Q restricted rewrite system:
The TRS R consists of the following rules:

f(s(0)) → f(p(s(0)))
p(s(X)) → X
activate(n__f(X)) → f(X)

Q is empty.

(3) QTRSRRRProof (EQUIVALENT transformation)

Used ordering:
Polynomial interpretation [POLO]:

POL(0) = 0
POL(activate(x₁)) = 2 + 2·x₁
POL(f(x₁)) = 1 + x₁
POL(n__f(x₁)) = 2 + 2·x₁
POL(p(x₁)) = x₁
POL(s(x₁)) = 1 + 2·x₁

With this ordering the following rules can be removed by the rule removal processor [LPAR04] because they are oriented strictly:

p(s(X)) → X
activate(n__f(X)) → f(X)

(4) Obligation:

Q restricted rewrite system:
The TRS R consists of the following rules:

f(s(0)) → f(p(s(0)))

Q is empty.

(5) AAECC Innermost (EQUIVALENT transformation)

We have applied [NOC,AAECCNOC] to switch to innermost.

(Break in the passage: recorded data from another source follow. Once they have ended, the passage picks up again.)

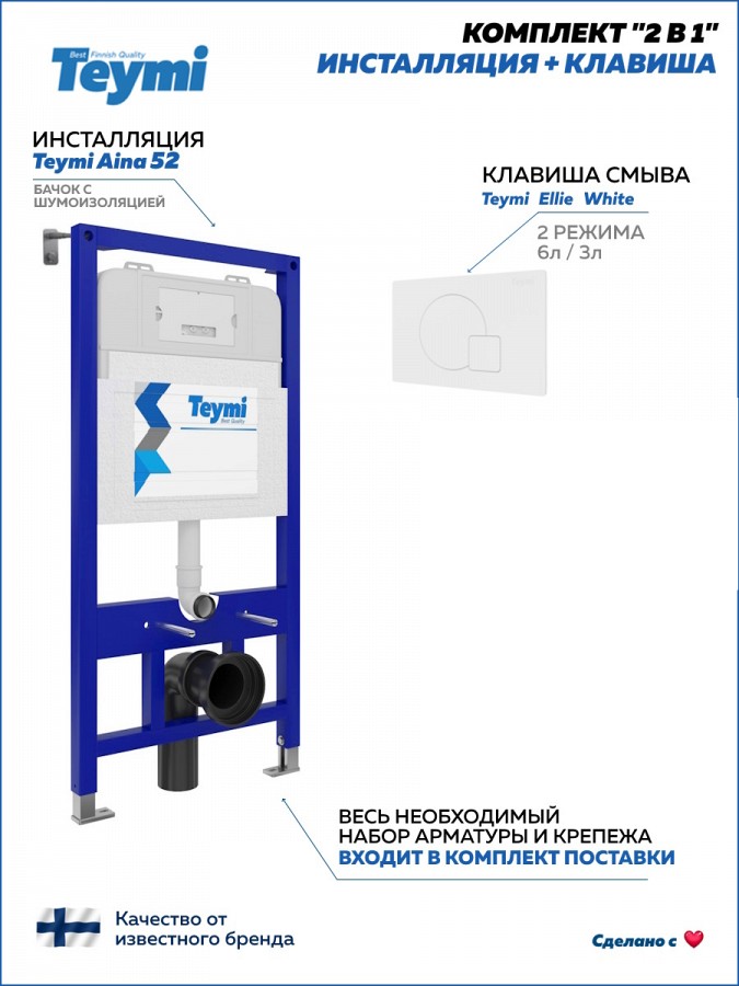 -- инсталляция TEYMI AINA 52 T70011 – монтажная рама из стального профиля толщиной 1.5 мм увеличенной ширины 52,5 см с дополнительными вертикальными усиливающими стойками, что позволяет выдерживать нагрузки до 400 кг;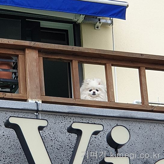 입구에 들어서면 2층에서 자기가 사자인 줄 아는 포메라니안이 반겨줍니다.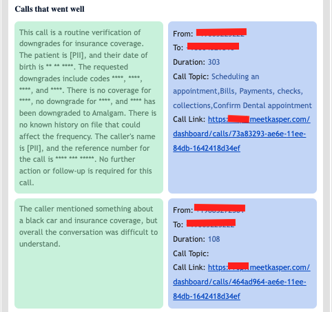Any call lasting more than 30 seconds undergoes analysis by Kasper Call AI. The analysis encompasses: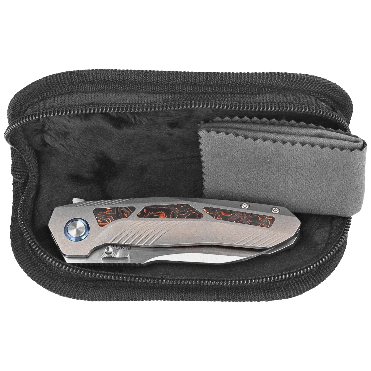 Handle - is thick pieces of titanium 6AL4V, contouring of the covers eliminates sharp edges. On both sides there is an inlay (insert) made of Copper Foil Carbon Fiber composite. Only a few companies are able to make the Handle with such incredible accuracy! The grips are joined together using a titanium backspacer. A right-handed, single-position titanium deep-carry clip allows you to carry the knife discreetly in your pocket in tip-up (blade up) position. The pivot axis is decorated with a titanium rim (pivot collar cap).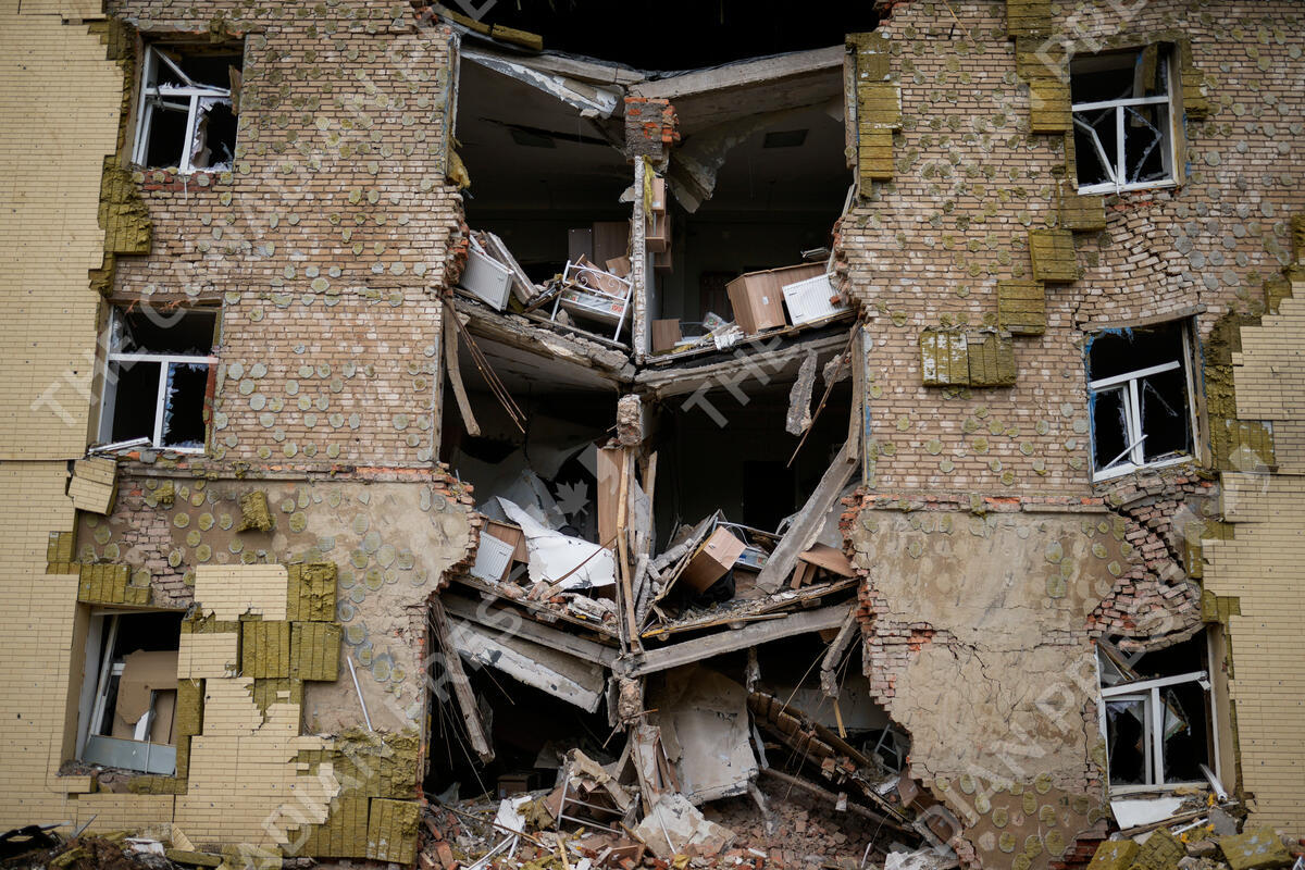 Debris hangs from a residential building heavily damaged in a Russian bombing in Bakhmut, eastern Ukraine, eastern Ukraine, Saturday, May 28, 2022. Fighting has raged around Lysychansk and neighbouring Sievierodonetsk, the last major cities under Ukrainian control in Luhansk region. (AP Photo/Francisco Seco)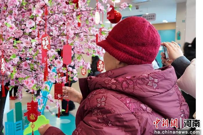 活动现场,该中心老年大学书法班学员挥毫泼墨,写春联、送福字,为社区居民送上新年祝福。现场还设置了“幸福树”,众多居民在心愿卡上写下自己的新年愿望并挂在“幸福树”上,字里行间满是对美好生活的祝福。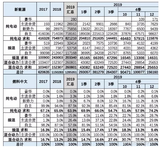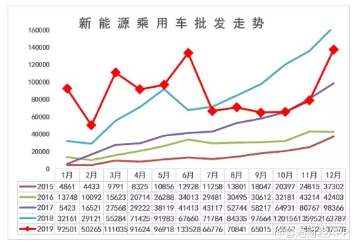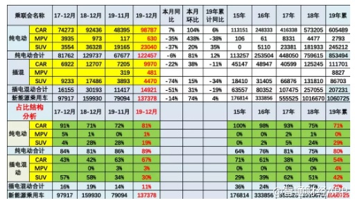 2019年12月份出现环比大幅拉升的情况,这也是因为新能源车的市场仍然是政策拉动的效果,12月份高销量能够实现油耗的均衡,同时能够获得当年度的新能源车补贴,比转年1月份销售效果要好很多,因此形成12月份的增量效应。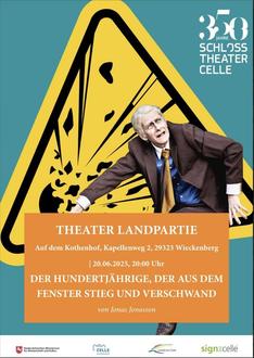 auch dieses Jahr wird wieder die Landpartie des Schlosstheaters am Freitag, den 20. Juni 2025, auf dem Kothenhof zu Gast sein und das Stück „Der Hundertjährige, der aus dem Fenster stieg und verschwand“ von Jonas Jonasson aufführen.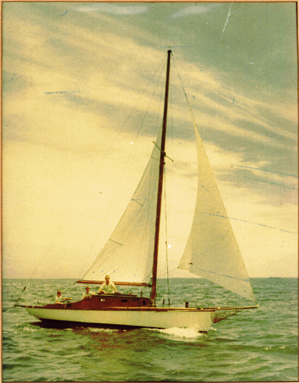 I bought Monsoon in 1963 and began to race it actively with a great crew made up of friends and my two sons. With its 35’ OA rig, she was fast, and being a racer at heart, I always pushed the canvas. She was ready to go for an around the buoys race in October, 1964. My eager crew were juiced up for a win, more so when we stole the start in a light northeast wind. 16 boats trailed us as we rounded the sea buoy off Sangley Pont Naval Air Station. Trident, a 45 foot steel ketch, was hard on our wake as the customary noon wind change to the southeast hit. I looked back at this powerful giant gaining on us, then up at the large genoa we had flying. It should not be flying in 20 knots but if I went for a sail change, Trident would zip right past us as we bobbed along without a headsail.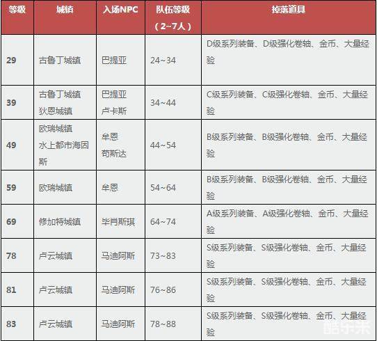 深渊迷宫的入场NPC为每个城镇的看守欲界的“警卫队长”,深渊迷宫的等级繁多,从29级开始直至83级,具体的资料如下表所示: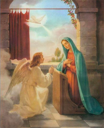 Lucas nos narra esa visita del Ángel: “Al sexto mes fue enviado por Dios a una ciudad Galilea, llamada Nazaret, a una virgen desposada con hombre llamado José, de la casa de David, el nombre de la virgen era María. Y entrando, le dijo: Alégrate, llena de gracia, el Señor está contigo. Ella se conturbó por estas palabras y discurría que significaba ese saludo. El ángel le dijo: No temas, María, porque has hallado gracia delante de Dios; vas a concebir en el seno y vas a dar a luz un hijo, a quien pondrás por nombre Jesús. Él será grande y será llamado Hijo del Altísimo, y el Señor Dios le dará el trono de David, su padre; reinará sobre la casa de Jacob por los siglos y su reino no tendrá fin”. (1, 26-33)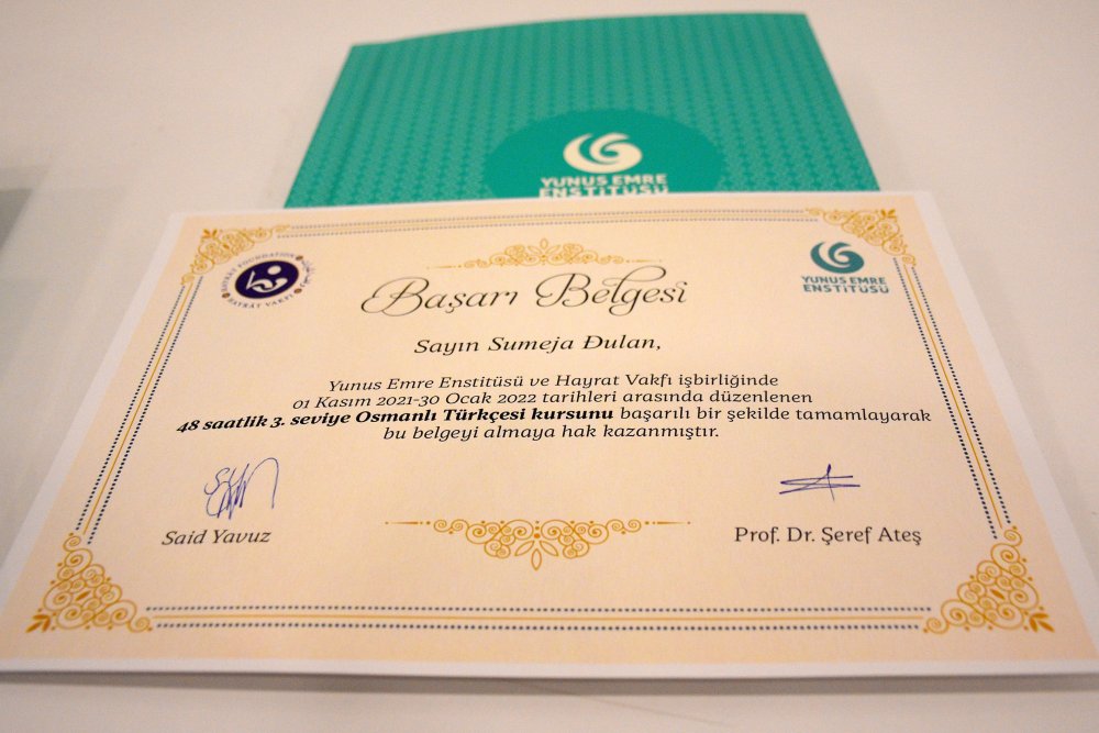 Bosna Hersek'in başkenti Saraybosna'da, Yunus Emre Enstitüsü (YEE) tarafından Hayrat Vakfı işbirliğinde çevrim içi düzenlenen "Osmanlıca-Türkçe" kursunu tamamlayanlara sertifikaları takdim edildi.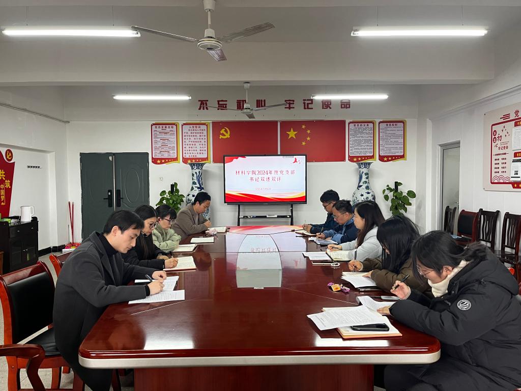 3月11日,学院党委在材化楼1401会议室召开支部书记“双述双评”会议。会议由党委书记刘赢时主持,党委副书记李前奔、全体支部书记参会。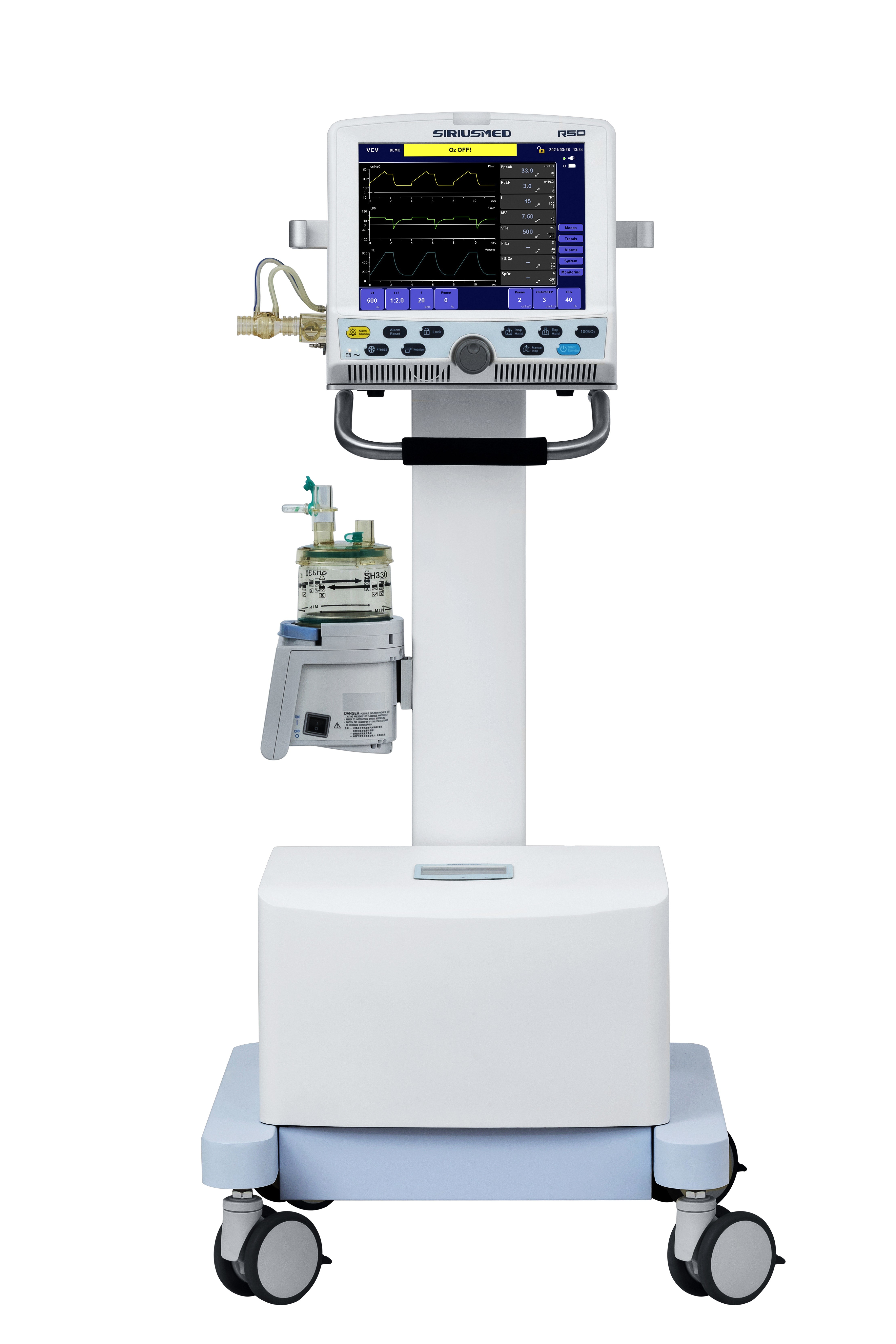 حالت های کافی تهویه: VCV، PCV، SIMV-VC+PSV، SIMV-PC+PSV، SPONT/CPAP+PSV، بک آپ، دستی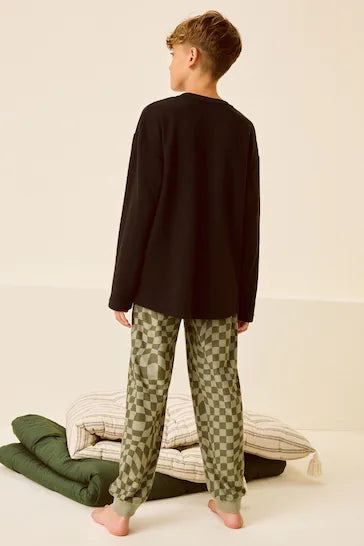 |BigBoy| Pijama De Lã Simples e Aconchegante Xadrez Preto/Verde (3 a 16 anos)
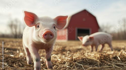 Fototapeta - Szczegółowe ujęcie małego, uroczego prosiaka stojącego na słomianym podłożu w oborze, z czerwonym budynkiem stodoły i innym prosięciem w tle.
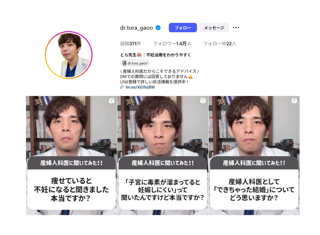 Instagram(@dr.tora_gaoo)やYouTube(とら先生産婦人科医)で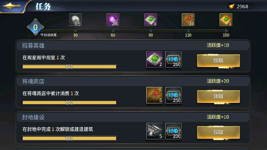 目前游戏内获取主公经验的方式有:主线剧情任务,每日任务,封地建筑升级,演武场,名将台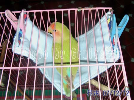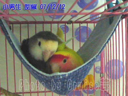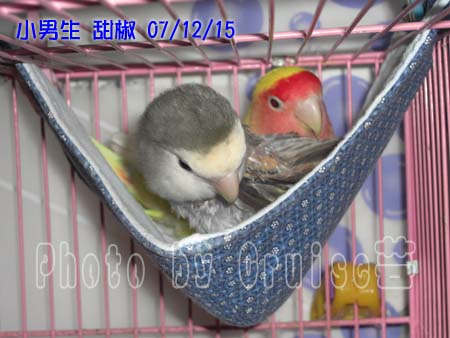 呵呵~有了成品,當然就要有鳥來用,才能顯示它的功能和成果嘛!所以就由我家小男生、甜椒和芥末來為您展示使用。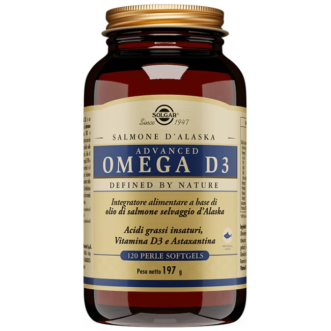 Solgar Advanced Omega D3 è un integratore alimentare formulato con olio di salmone selvaggio dell'Alaska, ricco di acidi grassi polinsaturi, in combinazione con vitamina D3 e astaxantina. Questo prodotto offre un ampio spettro di acidi grassi omega (3, 5, 6, 7, 9) e un elevato rapporto omega-3/omega-6, essenziale per bilanciare l'apporto di omega-6 nella dieta. Grazie alla presenza di EPA e DHA, questo integratore contribuisce al mantenimento della normale funzione cardiaca, del cervello e della vista, mentre la vitamina D3 supporta la salute di ossa e denti, la funzione muscolare e il sistema immunitario.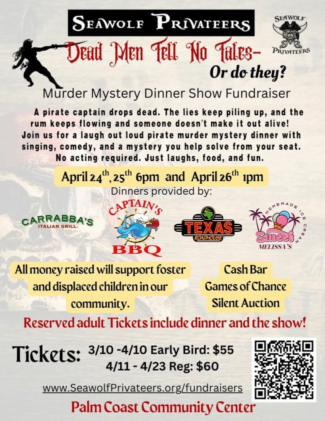 Dead Men Tell No Tales…. Or Do They? Murder Mystery Dinner Show, Palm Coast Community Center, 305 Palm Coast Parkway NE, 6 p.m. Friday and Saturday, 1 p.m. Sunday, tickets $60 a person. The fundraiser is for foster children. Book here. Join the Seawolf Privateers for a night of swashbuckling fun you won’t want to miss! Step into a rowdy tavern in Tortuga where pirates, rum, music, and mischief fill the air. Dead Men Tell No Tales… Or Do They? is a laugh-out-loud pirate murder mystery dinner show packed with slapstick comedy, outrageous characters, and a twisty mystery that will keep you guessing until the very end. Feast on a hearty dinner while the tale unfolds around you, with surprises, laughs, and plenty of pirate mayhem along the way. Best of all, every ticket helps make a difference—all proceeds support local foster and displaced children in our community. Come for the laughs, stay for the adventure, and help us do some good along the way!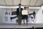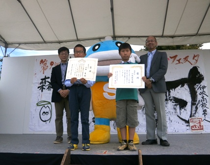 写真中:優秀な緑の少年団(長浜市木之本町賤ヶ岳みどりの少年団)の表彰のようす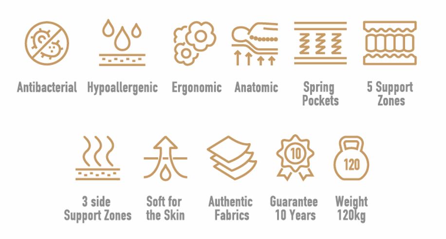 The combination of foam materials of different qualities and densities ensures the fluffy feeling and in combination with the independent springs of 8 zones (5 waist zones in the centre of the mattress and 3 zones around the perimeter) the correct body support is achieved. These features are highlighted by the modern design using luxurious and certified fabrics, detailed work that only befits a top quality mattress and high aesthetics. All you have to do is to confirm it yourself.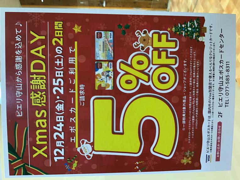 明日までの2日間エポスカードご利用のお客様は5%OFFになっております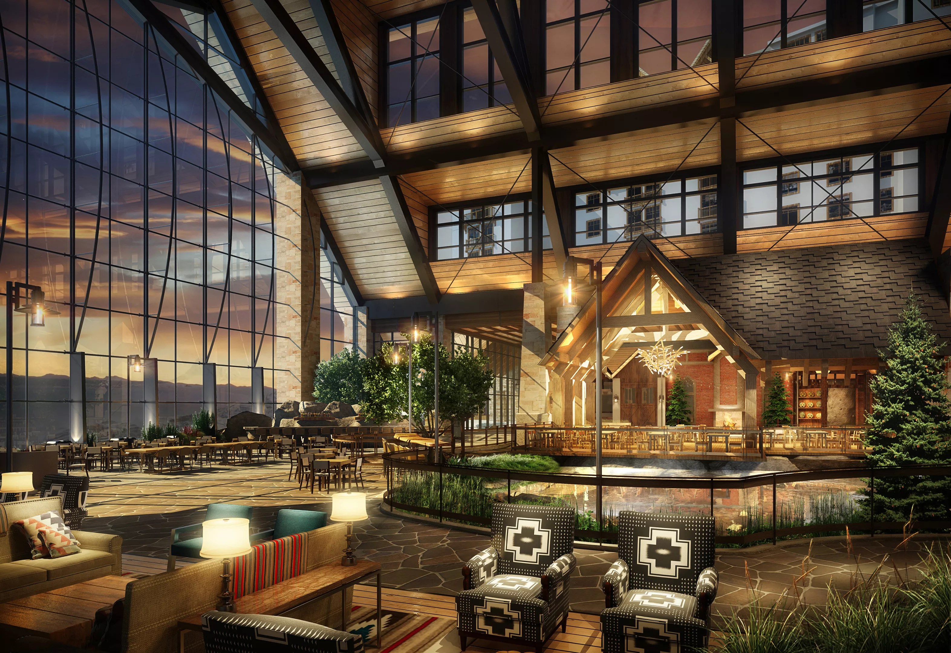 Like Gaylord’s other four hotels, its Rockies iteration will highlight characteristics that define the region where it’s located. But unlike some of its other properties, the Gaylord Rockies will be a bit more generic. The Gaylord Texan, for example, gives guests a “tour” of state landmarks within the comfort of a climate-controlled atrium, including the Alamo, the San Antonio River Walk and Palo Duro Canyon. The Gaylord Rockies will deliver the flavor of Colorado without offering replicas of landmarks like Red Rocks or Maroon Bells.

The TRS R 1 is none

The TRS R 2 is

f(s(0)) → f(p(s(0)))

The signature Sigma is {f}

(6) Obligation:

Q restricted rewrite system:
The TRS R consists of the following rules:

f(s(0)) → f(p(s(0)))

The set Q consists of the following terms:

f(s(0))

(7) DependencyPairsProof (EQUIVALENT transformation)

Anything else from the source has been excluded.